За Северным Ветром
Предпролог: легендариум
Вместо предисловия.
Местонахождение кощеевой смерти соотнесено в сказке с моделью Вселенной - яйцом. Это поднимает сказку на уровень очень древнего мудрого мифа о дуалистической сущности мира: мир, образом и символом которого является яйцо, в самом себе содержит не только положительное жизненное начало, но и управление конечной судьбой мирового зла. Миф говорит об извечной борьбе жизни и смерти, добра и зла. До той поры, пока никто не ведет борьбы со злом, не посягает на скрытую, но существующую внутри мира потенциальную гибель Зла, оно бессмертно, и только героические подвиги, отважное самопожертвование человека и содружество его с живыми силами природы могут доказать, что жизненное начало вечно, что жизнь в мире торжествует над умиранием отдельных частиц мира.
Такова идея сказки о Кощее Бессмертном.
Борис Рыбаков «Язычество Древней Руси»
Предпролог: легендариум.
Было все едино. Было все вечно. Был свет среди тьмы, как и тьма среди света. Не было меж ними различий. Но вечный покой озарился лучом, что был и что не был, но существовал в едином сознании мира. И стал свет светом, а тьма тьмою. Стала мысль началом, а материя - концом в котором оно заключено. И вечный цикл начат был, и ритмом задышало бытие.
И возросло Древо из бытия, что было им и в нем заключено. И корни Древа - в живительной воде, питали крону, что жизнь давала бесконечности миров. И каждым миром правили те силы, что были созданы же в нем и им самим.

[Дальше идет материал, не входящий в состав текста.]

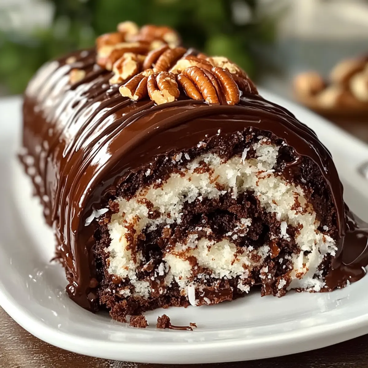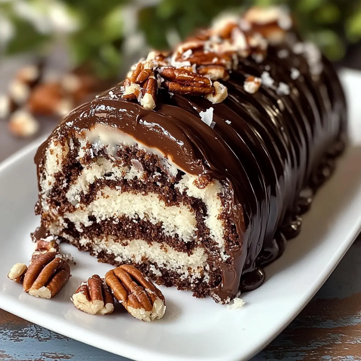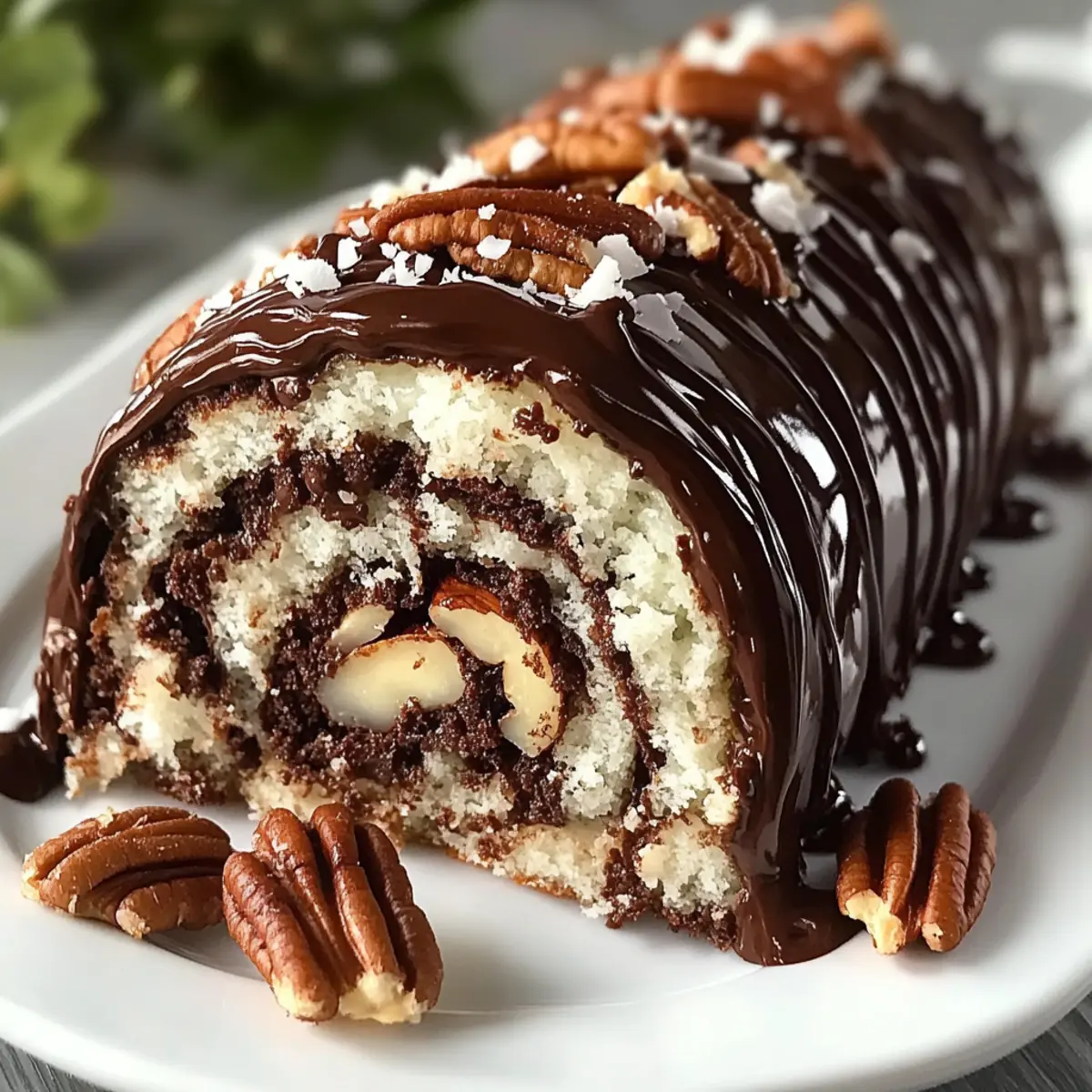 Deutsche Schokoladenkuchenrolle mit Nussvariationen

В одном из Светов звали их Богами, их чтили, слушали во всем. В том Свете старше всех был Бог Cварог - Бог-Небо, рожденный светом Хоровода, звезды, что среди тысяч в Кроне Древа спиралью закрутила небосвод. Его жена – Свагора, Мать-Земля, из пучины света в Явь за мужем вслед пришла. В любви Земли и Неба родился Свет Дневной – Даждьбог, и Свет ночной – сестры Дивия и Луна. В стране небесных туч царствовал Перун - властитель молний, божественный кузнец, судебных мастер дел и воина отец. Седой Стрибог повелевал ветрами, а в океане властвовал Бог Полоз. Чертоги всех живущих освещал немеркнущий огонь Даждьбога-Хорса, что тьму пучины мироздания от Матери-Земли сияющей ладонью отстранял. Даждьбог всем земледельцам помогал, живительную мощь небес солярных ниспослал. Его Отец, Сварог, кузнец небесного Знания-огня, Сварожичем являлся в мир живых, огонь живущим даровал, ремёслам обучал. Бог Род и богиня Рада очаг домашний берегли, любовь, детей хранили. Силы возрожденья и весны - Ярила и его супруга Яра, а Велес - покровитель Слова и сказаний, что велись для летописи Света. Мудрая змея Гарафена и крылатая Гагана Великий Алатырь хранили, тот Камень Мира, что Краколист держал да желанья страждущего исполнял великой своей силой. Семаргл, крылатый пёс небес, посланник высших сил, живущим на земле Божественную волю изъявлял, Волхвам являясь. Богиня Макошь нить судьбы пряла, вплетая в полотно рождённых имена, их судьбы и великие дела, а так же смертный час. В подземном царстве, под корнями Древа, властвовал Бог Мор с женою Марой. Их дочери, божества печали и тоски, богини Жель и Карна в Свет порой являлись, а слуги - Журбы и Кручины - состраданье в Мир несли.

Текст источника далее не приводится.